◆ Prompt
Reproduce only the lines below from the line containing "Be the first" to the line containing "Kit de bordado", exactly as written, with both end lines kept. Omit the pictures.

◆ Available data

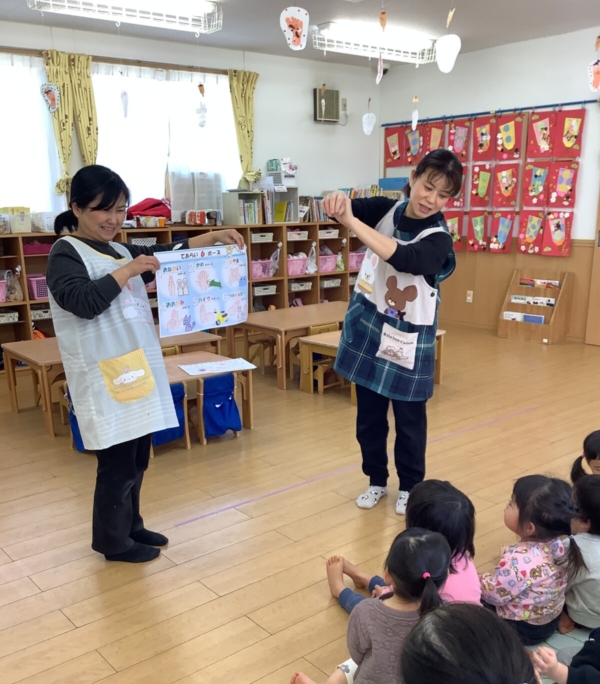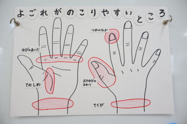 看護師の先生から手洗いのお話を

==

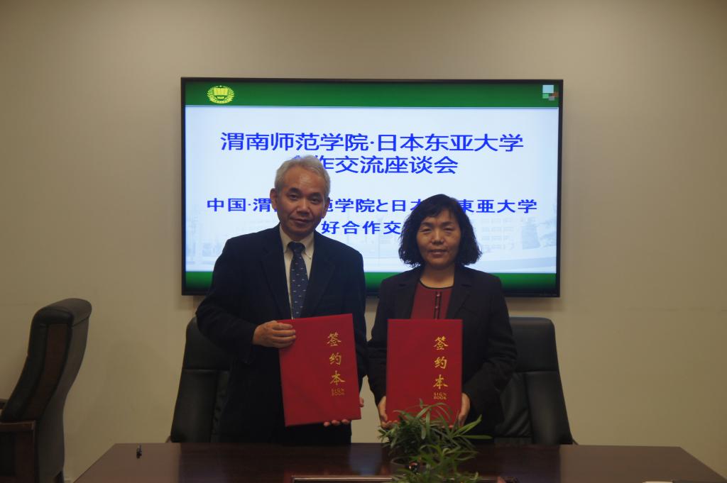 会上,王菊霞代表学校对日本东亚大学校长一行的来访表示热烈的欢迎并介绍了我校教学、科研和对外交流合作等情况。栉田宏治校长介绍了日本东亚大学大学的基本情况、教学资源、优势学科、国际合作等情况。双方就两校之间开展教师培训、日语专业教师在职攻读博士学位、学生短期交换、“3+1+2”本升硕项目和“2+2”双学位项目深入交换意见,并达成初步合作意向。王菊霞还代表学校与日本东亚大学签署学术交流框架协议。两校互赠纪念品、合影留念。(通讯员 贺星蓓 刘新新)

...

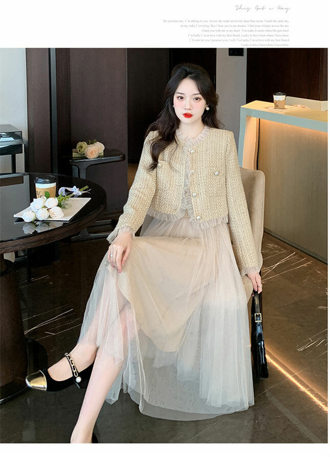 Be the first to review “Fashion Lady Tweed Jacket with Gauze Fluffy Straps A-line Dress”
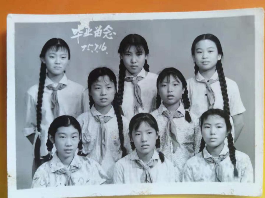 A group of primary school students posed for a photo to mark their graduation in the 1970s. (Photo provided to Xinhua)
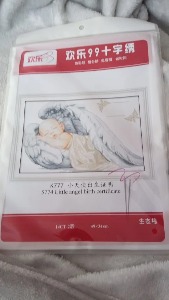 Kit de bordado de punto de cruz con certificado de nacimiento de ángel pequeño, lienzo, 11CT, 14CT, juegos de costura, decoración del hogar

◆ Finished exercise
 Be the first to review “Fashion Lady Tweed Jacket with Gauze Fluffy Straps A-line Dress”
 A group of primary school students posed for a photo to mark their graduation in the 1970s. (Photo provided to Xinhua)
 Kit de bordado de punto de cruz con certificado de nacimiento de ángel pequeño, lienzo, 11CT, 14CT, juegos de costura, decoración del hogar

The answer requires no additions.